Note to all teachers with small-minded administrators - don't bother trying to teach your kids about history. At least not homosexual history.
A teacher in a rural Oklahoma town has been fired by administrators after trying to teach the story of gay college student Matthew Shepard's murder by assigning students parts in The Laramie Project, a play based on the hate crime inflicted on the young homosexual man a decade ago.
Of course, officials say it isn't the play itself that prompted the firing. Debra Taylor dared let her students voice their opinions about the school's decision to CANCEL the play that earned her a place on the chopping block.

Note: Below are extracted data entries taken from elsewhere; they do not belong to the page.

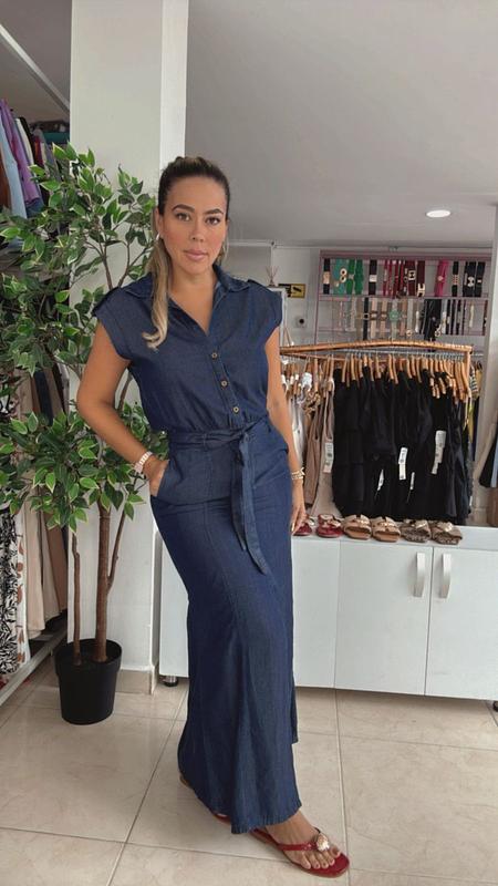 Vestido largo en jean tipo camisero, con botones, bolsillos y cinturón que realzan la figura. Su diseño sin mangas lo hace fresco, hermoso.
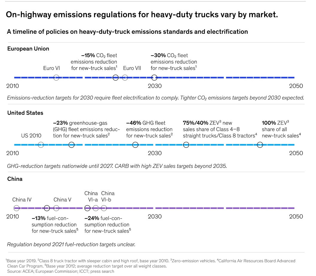 麦肯锡的《氢内燃机如何为零排放做出贡献》一文指出:在世界上许多最大的市场,监管机构正在收紧公路卡车的排放规定。
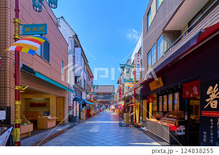 神奈川県川崎市の川崎大師仲見世通りを見る
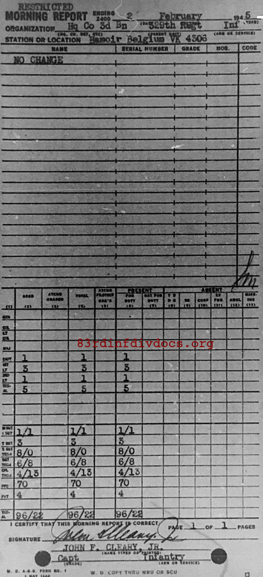 Morning report HQCO3BN/329 for February 2, 1945
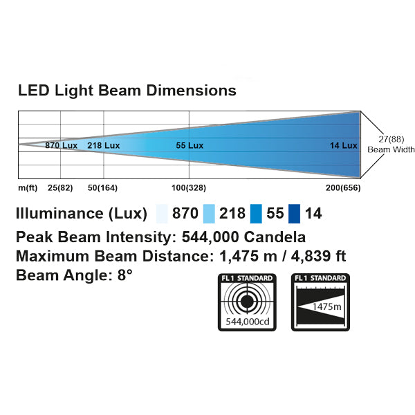 · Lyser op til 1400 meter med 0,25lux (0,25lux svarer til en klar nat med fuldmåne)
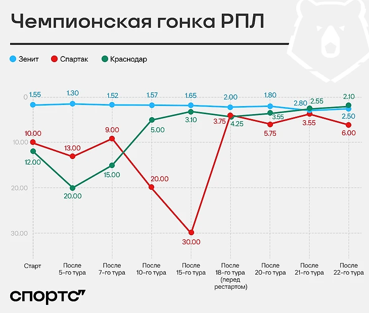 В обновленной линии букмекеры глобально не изменили расклад по шансам у двух фаворитов. «Краснодар» приближается к 50% (2.10), действующий чемпион стоит чуть ниже (2.50). Аналитики по-прежнему предполагают, что «Спартак» не будет претендовать на титул. Коэффициент на красно-белых упал до 6.00. Точно не приговор. По ходу этого безумного сезона было и 30.00.

When her principal told her the play - which he'd previously given permission to Taylor to put on - had to be stopped, she let her kids spend twenty minutes in a local park, writing their feelings on helium balloons and releasing them (not enviro-friendly, but at the very least offering some catharsis). Taylor says she never asked the kids to change their minds about homosexuality, just to be tolerant.
The park stunt is what administrators say was Taylor's undoing. What about it was wrong, they won't say. Perhaps that she let kids voice dissent? That she voiced dissent? That she did something else that might, possibly, maybe make the kids think again about tolerance and respecting others?
Because cancellation of the play to begin with was inappropriate, but it might have had a very positive affect on the kids. Suddenly, they saw it was like to be discriminated against. After several weeks of hard work put into practicing for their production, they had the rug swept out from under them by school officials - and for no reason.
And how's this for irony? The school punished Debra Taylor, but her job loss makes her a role model for kids. Kind of what we always hope our kids' teachers will be.